### SUPPLIED INFORMATION

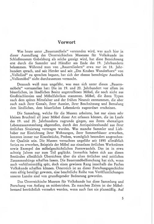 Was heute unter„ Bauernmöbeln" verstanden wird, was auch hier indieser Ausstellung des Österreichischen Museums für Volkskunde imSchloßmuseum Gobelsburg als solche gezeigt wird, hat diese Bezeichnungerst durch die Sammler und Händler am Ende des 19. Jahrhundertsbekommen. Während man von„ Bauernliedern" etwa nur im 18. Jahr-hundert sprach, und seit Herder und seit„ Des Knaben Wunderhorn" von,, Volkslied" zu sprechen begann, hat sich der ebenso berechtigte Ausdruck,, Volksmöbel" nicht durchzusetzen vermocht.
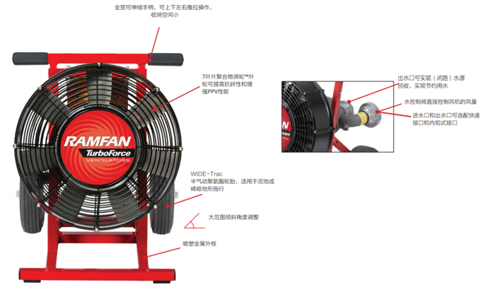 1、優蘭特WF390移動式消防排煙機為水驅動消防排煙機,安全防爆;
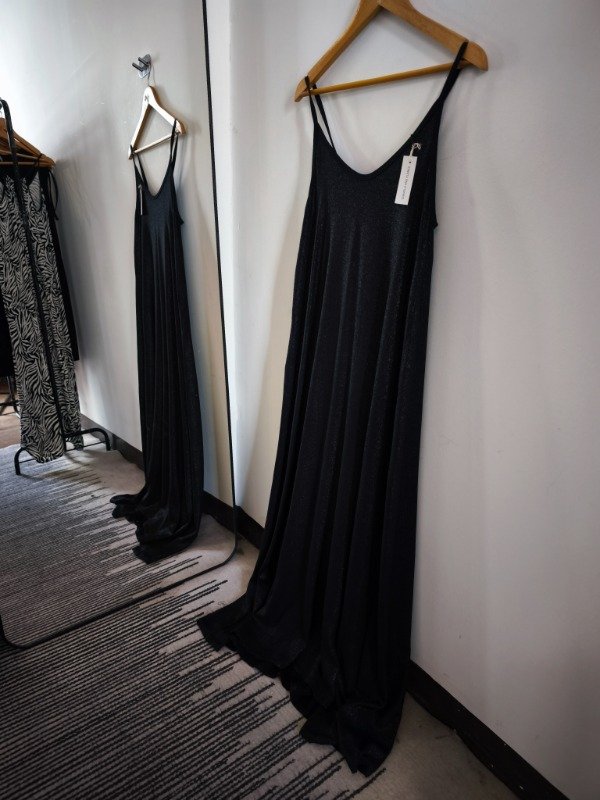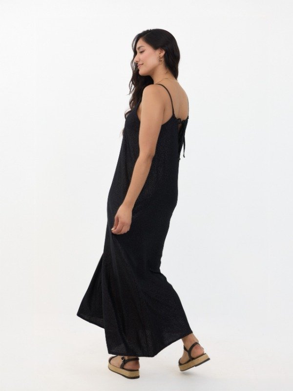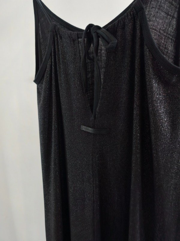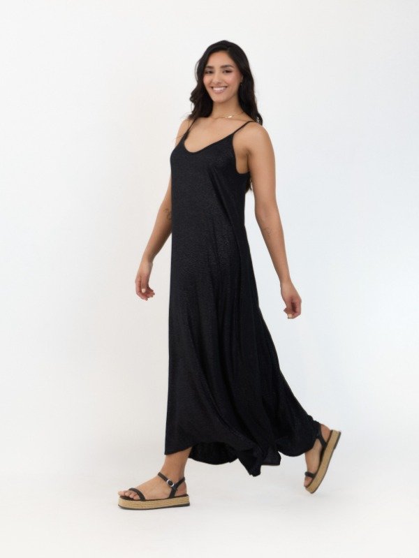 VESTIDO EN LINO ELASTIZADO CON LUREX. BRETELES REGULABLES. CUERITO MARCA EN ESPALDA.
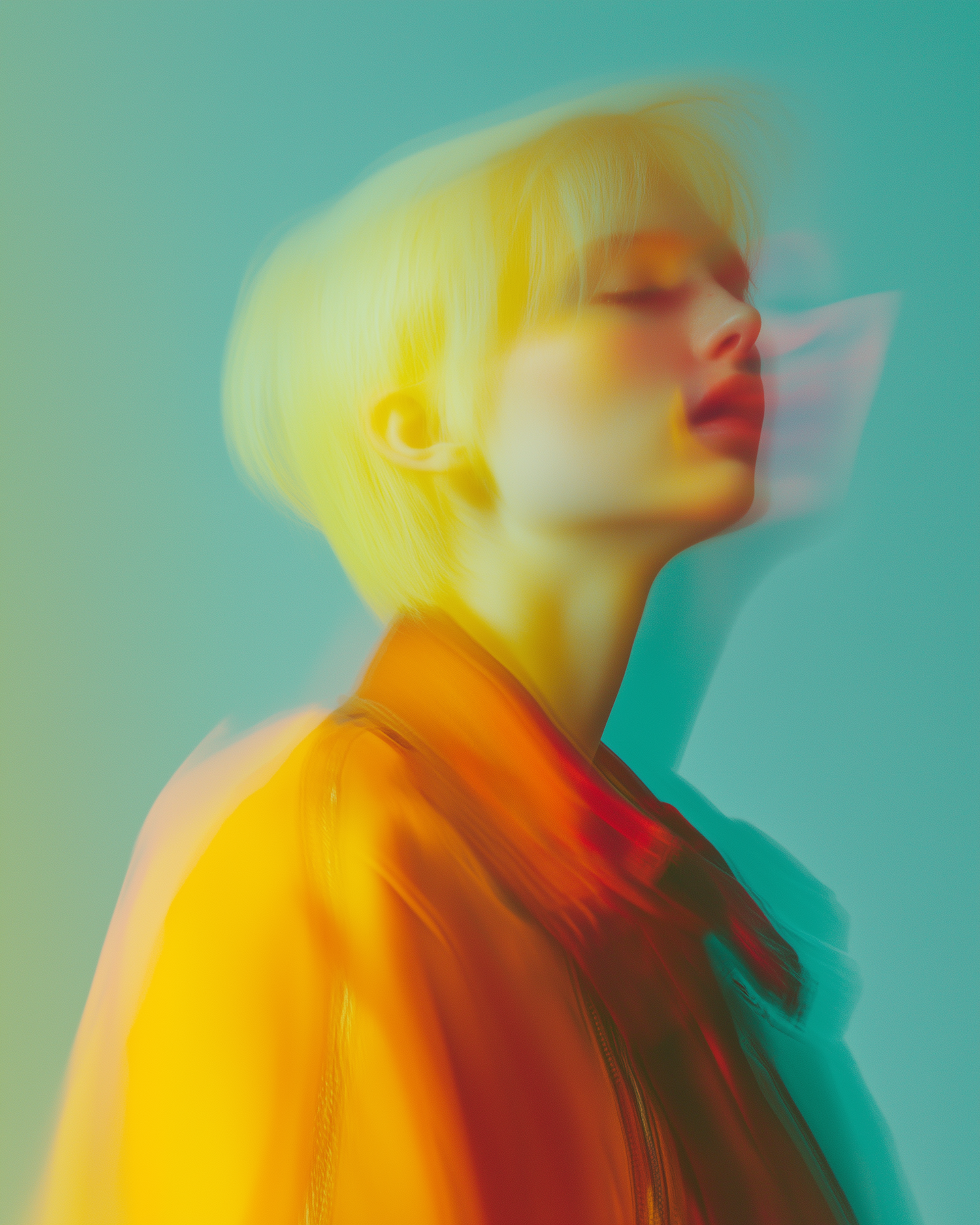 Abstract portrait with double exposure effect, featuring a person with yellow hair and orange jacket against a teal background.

--

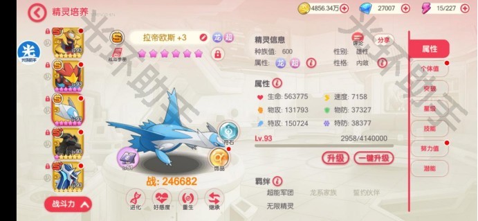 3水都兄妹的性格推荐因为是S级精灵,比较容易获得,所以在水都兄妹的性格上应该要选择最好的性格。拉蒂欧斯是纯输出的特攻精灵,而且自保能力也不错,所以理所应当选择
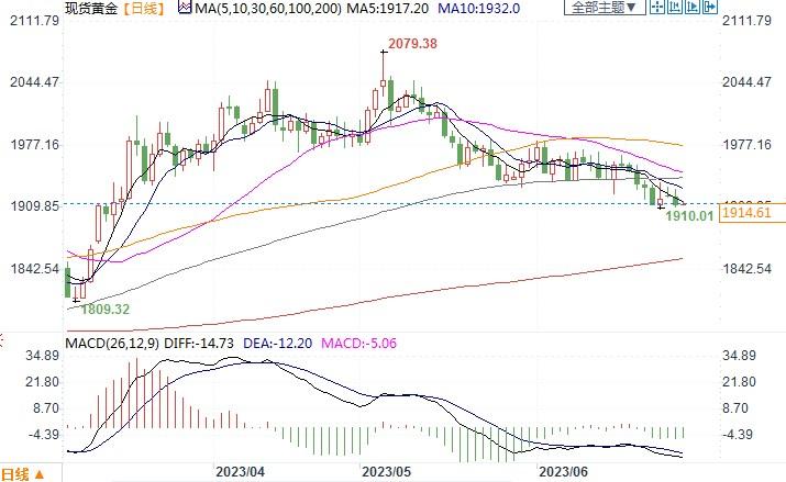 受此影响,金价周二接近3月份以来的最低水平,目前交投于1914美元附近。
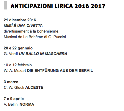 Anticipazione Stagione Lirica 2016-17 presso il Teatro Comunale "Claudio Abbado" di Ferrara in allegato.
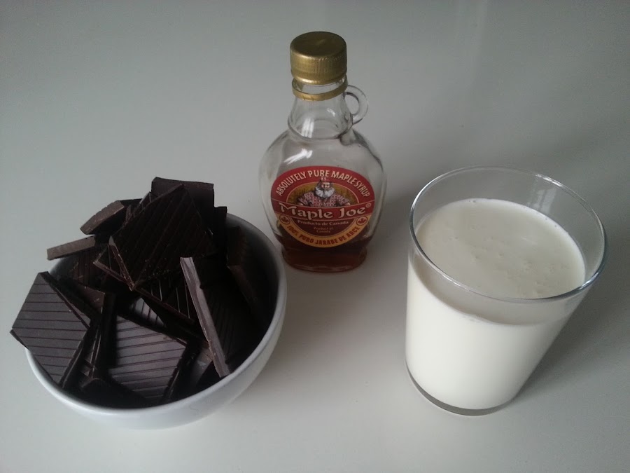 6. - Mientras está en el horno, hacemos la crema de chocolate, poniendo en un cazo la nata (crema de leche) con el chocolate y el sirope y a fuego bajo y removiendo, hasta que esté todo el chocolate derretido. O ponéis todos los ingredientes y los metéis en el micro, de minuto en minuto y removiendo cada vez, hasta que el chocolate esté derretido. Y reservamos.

...

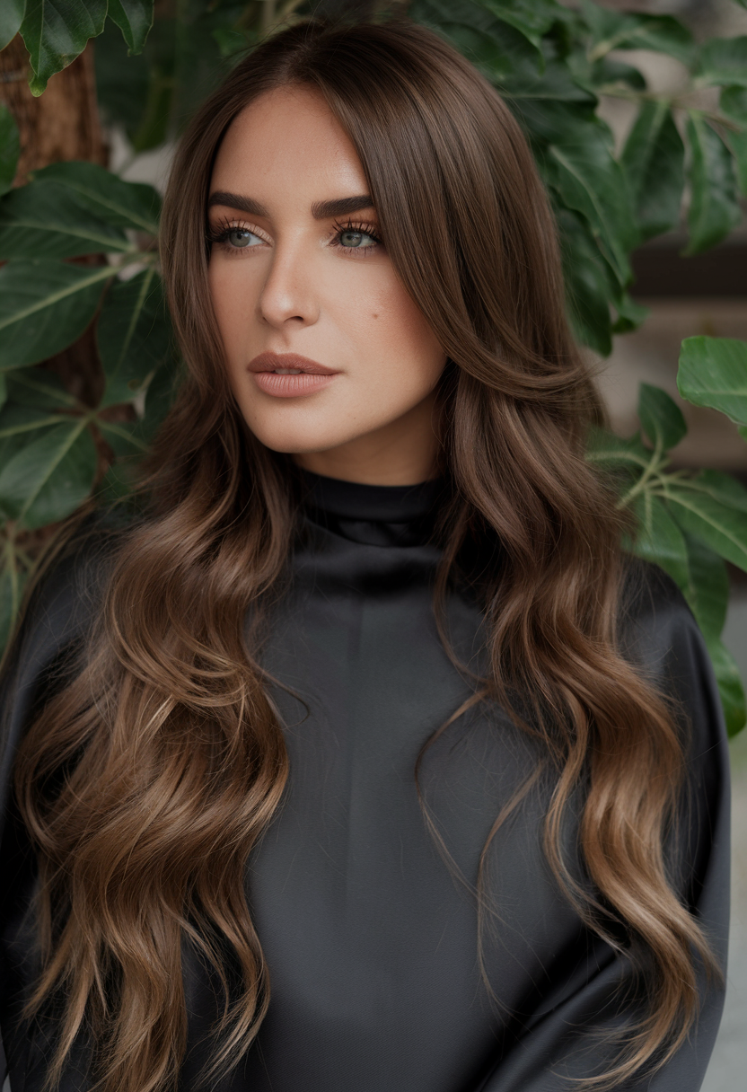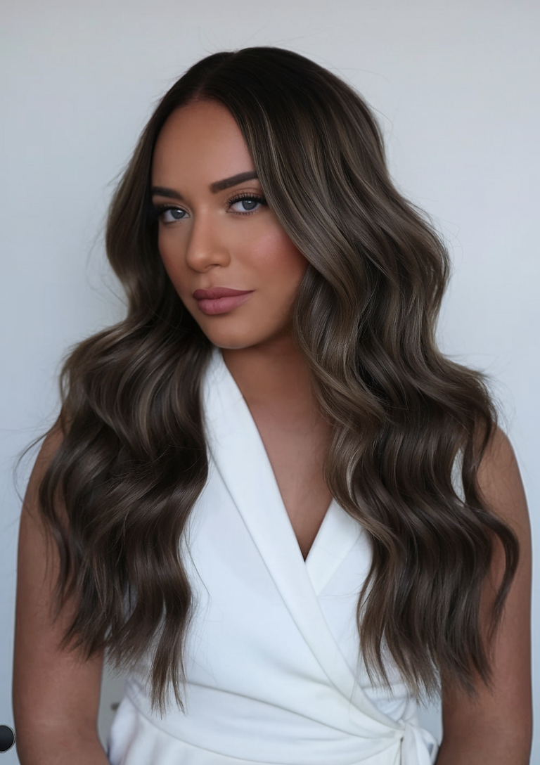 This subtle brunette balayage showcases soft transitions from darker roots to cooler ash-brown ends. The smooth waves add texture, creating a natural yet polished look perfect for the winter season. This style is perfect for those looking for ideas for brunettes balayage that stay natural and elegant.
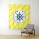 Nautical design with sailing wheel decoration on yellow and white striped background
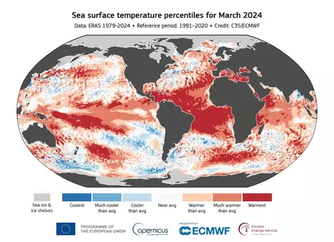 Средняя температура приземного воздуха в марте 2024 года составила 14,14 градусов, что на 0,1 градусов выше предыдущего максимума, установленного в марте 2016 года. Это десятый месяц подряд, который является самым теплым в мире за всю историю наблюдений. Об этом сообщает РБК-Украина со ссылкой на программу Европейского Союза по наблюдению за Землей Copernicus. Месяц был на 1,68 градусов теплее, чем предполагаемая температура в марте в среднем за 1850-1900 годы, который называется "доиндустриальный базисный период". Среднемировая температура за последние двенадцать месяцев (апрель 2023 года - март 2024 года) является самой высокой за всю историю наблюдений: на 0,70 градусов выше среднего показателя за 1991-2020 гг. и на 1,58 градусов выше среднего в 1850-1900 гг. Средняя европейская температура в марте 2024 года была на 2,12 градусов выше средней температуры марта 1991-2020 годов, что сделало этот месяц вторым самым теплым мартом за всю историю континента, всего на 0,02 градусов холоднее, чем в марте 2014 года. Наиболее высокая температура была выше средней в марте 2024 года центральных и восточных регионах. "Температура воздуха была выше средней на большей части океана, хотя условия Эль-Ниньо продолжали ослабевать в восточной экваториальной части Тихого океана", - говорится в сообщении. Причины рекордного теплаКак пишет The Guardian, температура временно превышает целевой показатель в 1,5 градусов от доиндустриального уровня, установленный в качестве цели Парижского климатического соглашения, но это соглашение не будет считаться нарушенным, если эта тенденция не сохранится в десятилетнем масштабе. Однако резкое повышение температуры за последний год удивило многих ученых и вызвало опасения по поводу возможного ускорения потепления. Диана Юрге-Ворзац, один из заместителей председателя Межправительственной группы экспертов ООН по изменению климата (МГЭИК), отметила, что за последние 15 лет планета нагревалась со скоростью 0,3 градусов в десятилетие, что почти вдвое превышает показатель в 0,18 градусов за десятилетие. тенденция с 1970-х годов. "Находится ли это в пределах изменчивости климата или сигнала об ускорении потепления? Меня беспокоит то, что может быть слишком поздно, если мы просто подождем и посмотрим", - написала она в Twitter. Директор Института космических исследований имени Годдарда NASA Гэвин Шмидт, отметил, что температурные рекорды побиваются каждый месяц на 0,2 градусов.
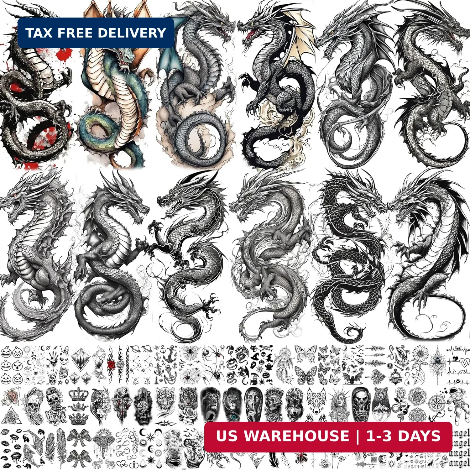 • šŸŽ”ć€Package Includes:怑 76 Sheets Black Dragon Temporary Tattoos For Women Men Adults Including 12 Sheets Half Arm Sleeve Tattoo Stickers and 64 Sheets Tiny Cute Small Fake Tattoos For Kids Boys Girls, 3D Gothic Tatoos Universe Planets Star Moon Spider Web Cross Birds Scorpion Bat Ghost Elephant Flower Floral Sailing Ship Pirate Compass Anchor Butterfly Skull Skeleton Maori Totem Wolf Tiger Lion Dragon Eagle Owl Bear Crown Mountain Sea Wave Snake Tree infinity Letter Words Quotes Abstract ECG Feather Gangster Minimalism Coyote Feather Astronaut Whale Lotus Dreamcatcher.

### WHAT TO DO
For this exercise, set down the lines in the entries above from the one with "Was heute unter„" through the one with "Abstract portrait with" exactly as written, without any pictures.

### RESPONSE TO THIS EXERCISE
 Was heute unter„ Bauernmöbeln" verstanden wird, was auch hier indieser Ausstellung des Österreichischen Museums für Volkskunde imSchloßmuseum Gobelsburg als solche gezeigt wird, hat diese Bezeichnungerst durch die Sammler und Händler am Ende des 19. Jahrhundertsbekommen. Während man von„ Bauernliedern" etwa nur im 18. Jahr-hundert sprach, und seit Herder und seit„ Des Knaben Wunderhorn" von,, Volkslied" zu sprechen begann, hat sich der ebenso berechtigte Ausdruck,, Volksmöbel" nicht durchzusetzen vermocht.
 1、優蘭特WF390移動式消防排煙機為水驅動消防排煙機,安全防爆;
 VESTIDO EN LINO ELASTIZADO CON LUREX. BRETELES REGULABLES. CUERITO MARCA EN ESPALDA.
 Abstract portrait with double exposure effect, featuring a person with yellow hair and orange jacket against a teal background.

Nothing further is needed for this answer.